-------- EXTRACTED MATERIAL

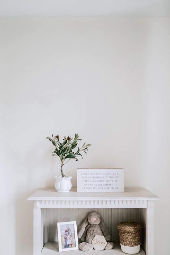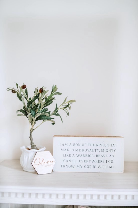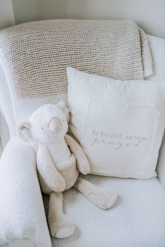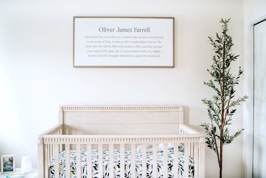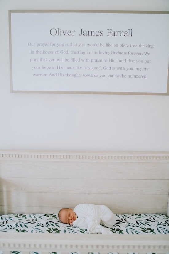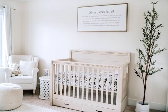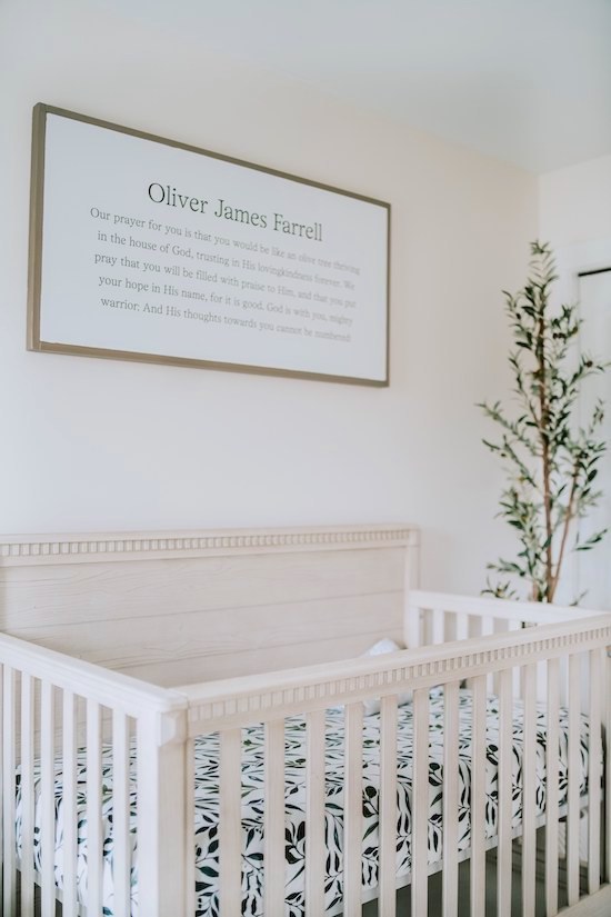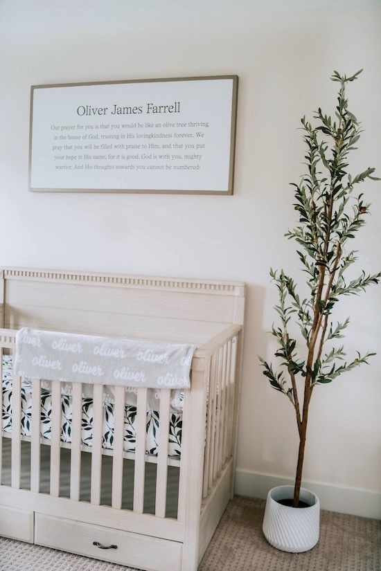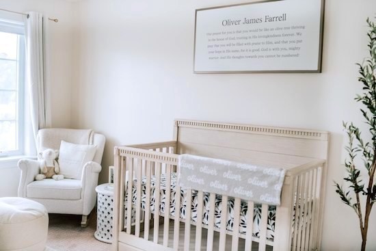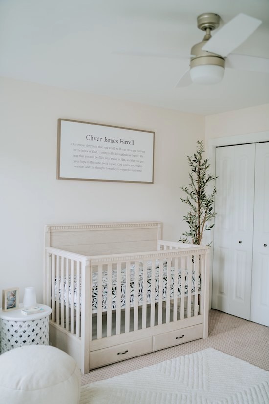 Oliver’s Nursery has become one of my favorite rooms in our house! Our goal was to make it a place of peace, and I truly feel it has become just that! From the moment we brought him home from the hospital we have spent countless hours singing to him, rocking him, and reading to him in his room, and have already made precious memories there! I'm excited to share it with you all today! All the furniture and accessories are from Pottery Barn Kids (Rory, Quinn, and Stella collection), Amazon, and West Elm Kids. 🕊
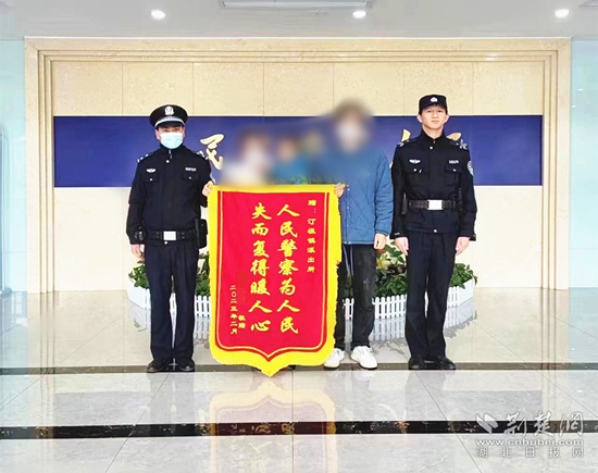 楊女士及家屬向民警送錦旗。通訊員 供圖
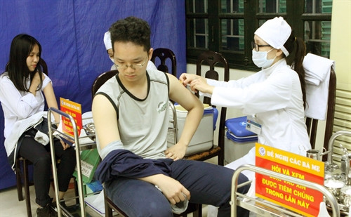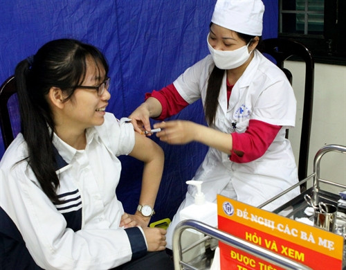 Nhóm ảnh: Quận Hai Bà Trưng triển khai Chiến dịch tiêm vắc xin Sởi – Rubella miễn phí cho hơn 4.500 học sinh 16 - 17 tuổi tại 9 trường THPT; quy trình tiêm đảm bảo điều kiện an toàn như tuyên truyền, tư vấn, khám sàng lọc, giám sát, phát hiện sớm, chuẩn bị đầy đủ thuốc, vật tư y tế để xử lý kịp thời nếu có tai biến sau tiêm chủng.
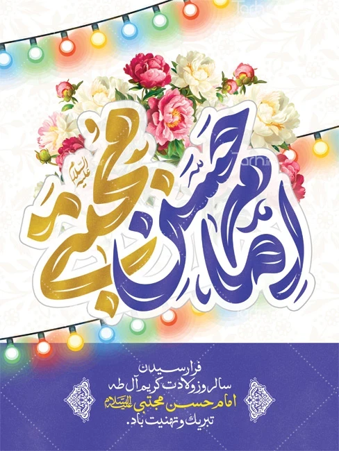 طرح بنر تبریک ولادت امام حسن با فرمت psd و قابل ویرایش در نرم افزار فتوشاپ به صورت لایه باز توسط تیم طراحان طرح دات آی آر طراحی شده است. در طرح پوستر ولادت امام حسن از تصاویر و المان های با کیفیت و متناسب با استاندارد چاپ استفاده گردیده است. طرح لایه باز بنر ولادت امام حسن شامل تایپوگرافی امام حسن مجتبی، وکتور چراغانی و گل می باشد که المان های استفاده شده در پوستر لایه باز ولادت امام حسن قابلیت ویرایش، جابه جایی و تغییر سایز را دارا بوده و شما می توانید متناسب با سلیقه خودتان طرح لایه باز ولادت امام حسن مجتبی را ویرایش نمایید.
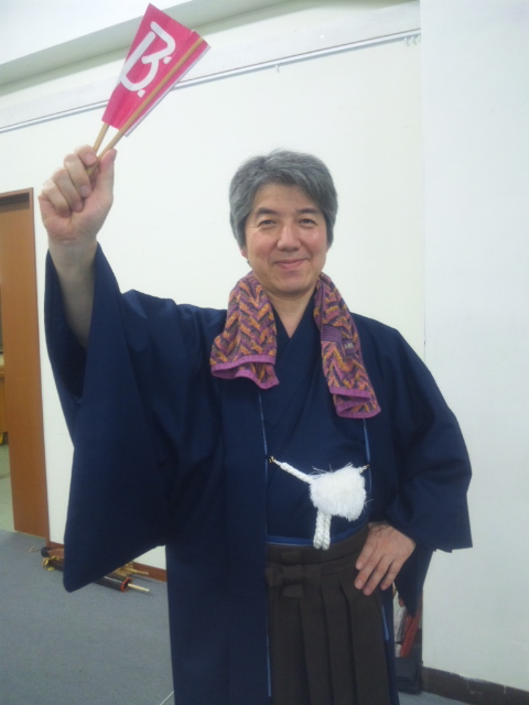 こちらは、制裁編の衣装付き通し稽古の際の、制裁編お奉行様役・長内努氏でございます。ダンディでございましょう?

----------------

_WORK INSTRUCTION_. Could you set down verbatim the lines from the beginning of the entries above through the line containing "楊女士及家屬向民警送錦旗。通訊員 供圖", both included, leaving out the pictures?

_WRITTEN REPLY_.
 Oliver’s Nursery has become one of my favorite rooms in our house! Our goal was to make it a place of peace, and I truly feel it has become just that! From the moment we brought him home from the hospital we have spent countless hours singing to him, rocking him, and reading to him in his room, and have already made precious memories there! I'm excited to share it with you all today! All the furniture and accessories are from Pottery Barn Kids (Rory, Quinn, and Stella collection), Amazon, and West Elm Kids. 🕊
 楊女士及家屬向民警送錦旗。通訊員 供圖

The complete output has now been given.